Global Pension funds and sovereign wealth funds are reaching for yield in real estate as their previous asset class of choice (developed market government bonds) continues to produce low returns.
They are hunting for real estate in Western countries with solid legal frameworks, tax efficient investment regimes and political stability. Bur cross-border deals have created something of a headache for governments worldwide.
One of the most high-profile repercussions came in August when the Chinese government announced plans to restrict overseas investments in real estate and other assets. Property experts say that the decision was made in order to firm up Chinese currency and encourage investors to favour investment into domestic projects tied to the country's "Belt and Road" trade initiative, an effort to increase economic and commercial partnerships across more than 60 countries through infrastructure development.

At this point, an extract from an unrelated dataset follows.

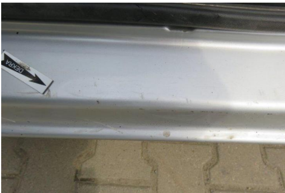
Fot. 27. próg lewy

But it isn't just in China where the global clamour for real-estate assets has prompted governments to keep close watch on regulatory policy.
Western governments are walking a tricky tightrope of their own managing capital inflows into a domestic real estate. Politicians know that overseas real-estate investors are a good source of additional tax revenue. They also know that voters perceive investment from overseas as a big driver of real-estate price inflation.
In the U.K. this has led the government to carve out a policy on the property: The 2015 Finance Act requires non-U.K. residents to pay capital gains tax on residential property purchased in Britain, and overseas landlords must now pay tax on their rental income.
Cross-border flows of hot money have also stimulated policy discussions in Europe, including France and Spain, where there's increasing appetite for commercial business districts. "We have seen investors looking for value in markets like Madrid which have come back quite strongly in the last year or two," says James Beckham, head of London capital markets at real-estate services firm Cushman & Wakefield.